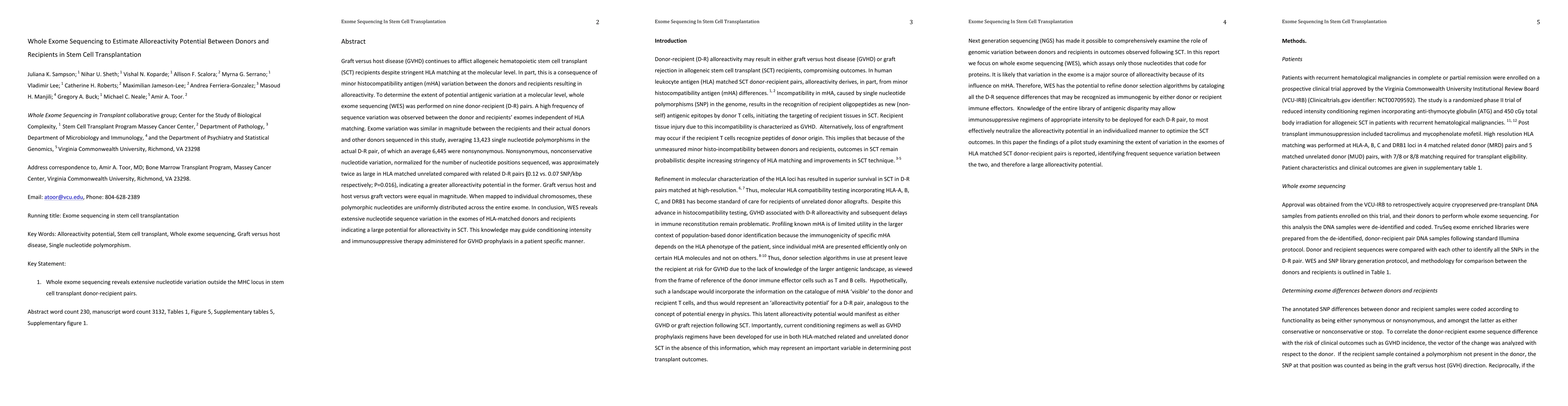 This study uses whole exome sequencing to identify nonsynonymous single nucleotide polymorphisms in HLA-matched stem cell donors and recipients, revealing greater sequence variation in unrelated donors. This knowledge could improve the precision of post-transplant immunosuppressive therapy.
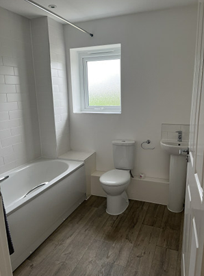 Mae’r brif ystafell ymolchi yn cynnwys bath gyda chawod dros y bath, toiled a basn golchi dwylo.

---

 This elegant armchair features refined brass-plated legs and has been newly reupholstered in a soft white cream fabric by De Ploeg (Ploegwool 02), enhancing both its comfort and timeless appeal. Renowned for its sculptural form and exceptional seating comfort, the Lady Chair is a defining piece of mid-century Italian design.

* TASK TO CARRY OUT:
Only one part of the material above is wanted: the lines from the one with "This study uses" up to and including the one with "Mae’r brif ystafell". Please copy them exactly, pictures left out.

* WRITTEN ANSWER:
 This study uses whole exome sequencing to identify nonsynonymous single nucleotide polymorphisms in HLA-matched stem cell donors and recipients, revealing greater sequence variation in unrelated donors. This knowledge could improve the precision of post-transplant immunosuppressive therapy.
 Mae’r brif ystafell ymolchi yn cynnwys bath gyda chawod dros y bath, toiled a basn golchi dwylo.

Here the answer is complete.